■ The problem ■
For the material below, reproduce exactly each line from the one that has "Niech ten dzień" through the one that has "본건은 경기도 평택시 고덕동 1793-11 해이빌", and no others; pictures stay out.

Segment Start: Dataset excerpts

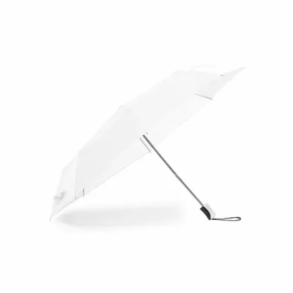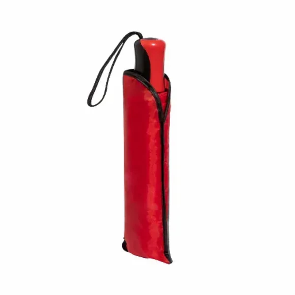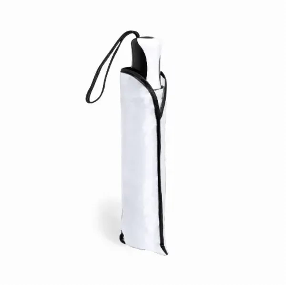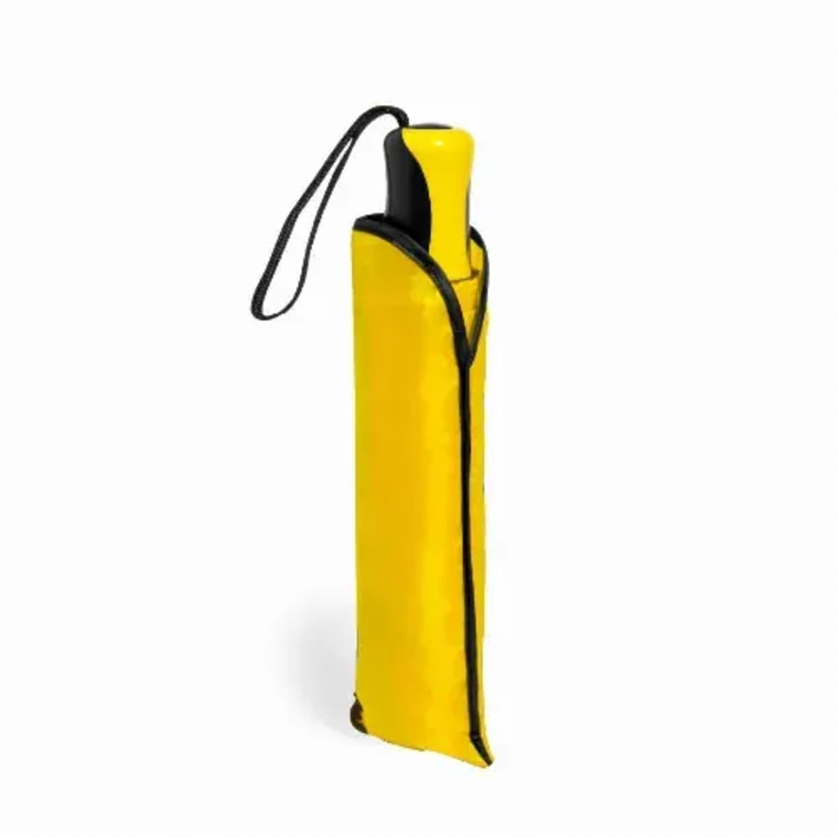 Manual opening, with silver coloured metal ribs and velcro fastening. Ergonomic handle with carrying strap and matching protective sleeve. Available in a wide range of colours. Presented in an individual recycled bag.
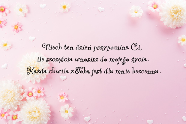 Niech ten dzień przypomina Ci, ile szczęścia wnosisz do mojego życia. Każda chwila z Tobą jest dla mnie bezcenna.
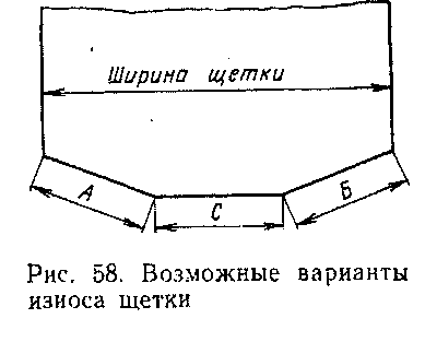 На электропоездах при частом изменении направления вращения якоря тягового двигателя иногда контакт щетки с коллекторными пластинами осуществляется только на участках А и Б (рис. 58), а участок С может вообще не контактировать с коллекторными пластинами. Сокращение контактной поверхности повышает нажатие щеток на коллекторные пластины, это может вызвать преждевременный износ щеток, их скалывание и выкрашивание, что приведет к ухудшению токосъема. На работу щеток влияет также температура окружающего воздуха. Например, в зимнее время года, чтобы щетки не примерзали к щеткодержателю, их необходимо просушивать, кроме того, следует увеличивать нажатие щеток.
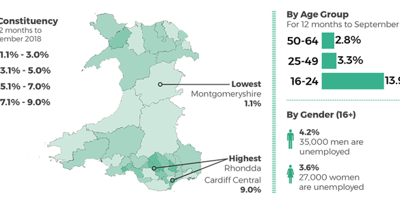 Ffeithlun yn dangos y ffigurau diweddaraf am y farchnad lafur yng Nghymru.
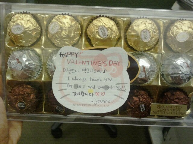 When I came back to work Younmi was so cute to give me my Valentine’s gift-
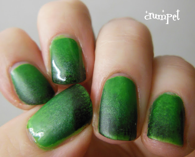 Let's do the mani first. This is a dark green gradient of China Glaze Starboard, ManGlaze Nawsome Sauce and OPI Black Onyx, all over 2 layers of China Glaze GaGa For Green.
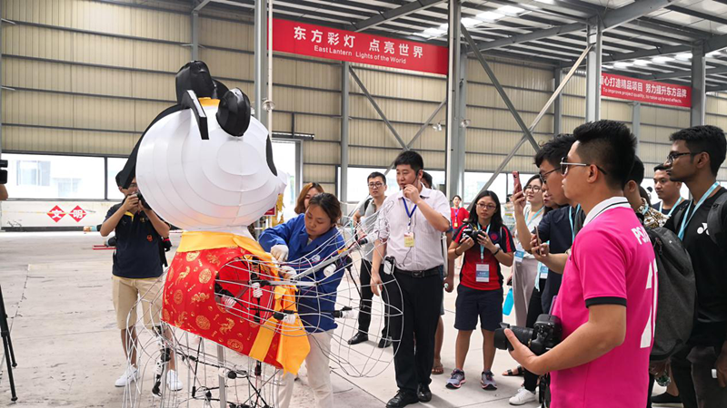 走進(jìn)東方彩燈出口基地,來(lái)到“東方彩燈 點(diǎn)亮世界”項(xiàng)目境外燈展制作現(xiàn)場(chǎng),青年朋友們近距離的詳細(xì)了解了彩燈的制作流程和工藝。交流團(tuán)成員為東方彩燈足跡遍布世界30多個(gè)國(guó)家咋咋稱(chēng)奇,為燈貿(mào)集團(tuán)精妙絕倫的彩燈頻頻點(diǎn)贊。
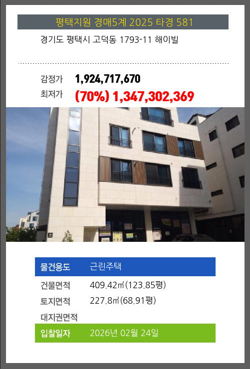본건은 경기도 평택시 고덕동 1793-11 해이빌
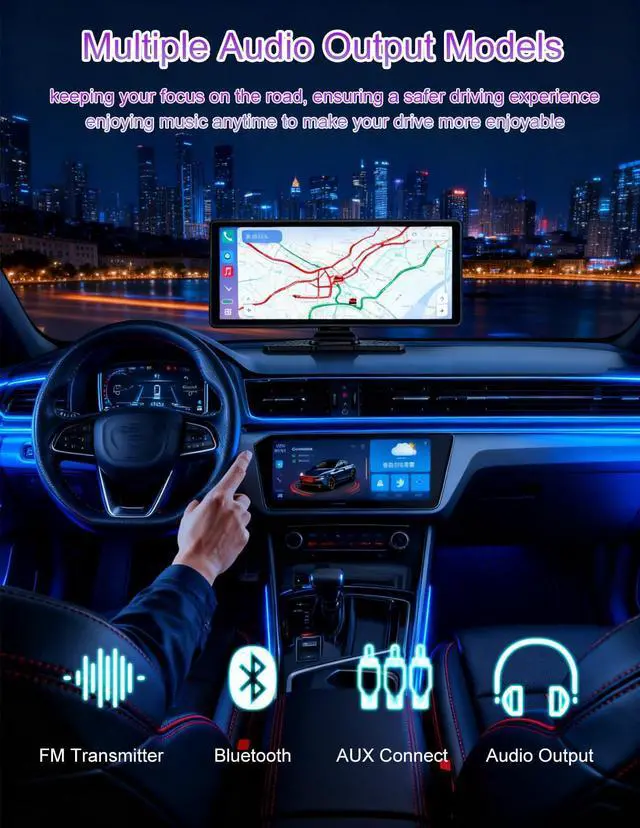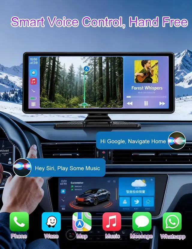 Wireless Apple Carplay and Android Auto Ideal for apple play for car and android auto screen for car users. You can access music, map navigation, messages, hands-free phone call and etc. No extra downloads needed, just connect bluetooth and WiFi or USB then go! It also supports voice control via Siri or Google assistant, speaking commands through wireless car play touch screen, providing you with a safer and more convenient driving experience
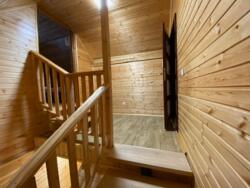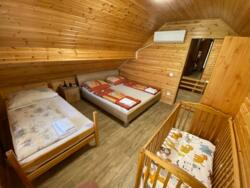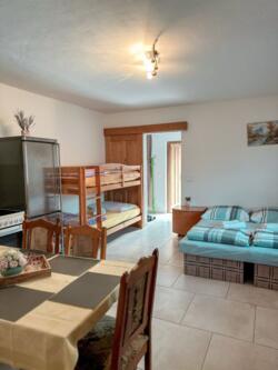 Op de verdieping van het bijgebouw bevinden zich 2 ruime slaapkamers, waarvan 1 slaapkamer is voorzien van een tweepersoons-, een éénpersoons- en een baby bed. Vanuit deze slaapkamer is er toegang tot een klein balkon. De tweede slaapkamer is voorzien van een groot tweepersoons- en een stapelbed. Deze kamer geeft toegang tot een groot terras. Dit bijgebouw is volledig voorzien van airco.

Segment End: Dataset excerpts

■ Reply ■
 Niech ten dzień przypomina Ci, ile szczęścia wnosisz do mojego życia. Każda chwila z Tobą jest dla mnie bezcenna.
 На электропоездах при частом изменении направления вращения якоря тягового двигателя иногда контакт щетки с коллекторными пластинами осуществляется только на участках А и Б (рис. 58), а участок С может вообще не контактировать с коллекторными пластинами. Сокращение контактной поверхности повышает нажатие щеток на коллекторные пластины, это может вызвать преждевременный износ щеток, их скалывание и выкрашивание, что приведет к ухудшению токосъема. На работу щеток влияет также температура окружающего воздуха. Например, в зимнее время года, чтобы щетки не примерзали к щеткодержателю, их необходимо просушивать, кроме того, следует увеличивать нажатие щеток.
 Ffeithlun yn dangos y ffigurau diweddaraf am y farchnad lafur yng Nghymru.
 When I came back to work Younmi was so cute to give me my Valentine’s gift-
 Let's do the mani first. This is a dark green gradient of China Glaze Starboard, ManGlaze Nawsome Sauce and OPI Black Onyx, all over 2 layers of China Glaze GaGa For Green.
 走進(jìn)東方彩燈出口基地,來(lái)到“東方彩燈 點(diǎn)亮世界”項(xiàng)目境外燈展制作現(xiàn)場(chǎng),青年朋友們近距離的詳細(xì)了解了彩燈的制作流程和工藝。交流團(tuán)成員為東方彩燈足跡遍布世界30多個(gè)國(guó)家咋咋稱(chēng)奇,為燈貿(mào)集團(tuán)精妙絕倫的彩燈頻頻點(diǎn)贊。
본건은 경기도 평택시 고덕동 1793-11 해이빌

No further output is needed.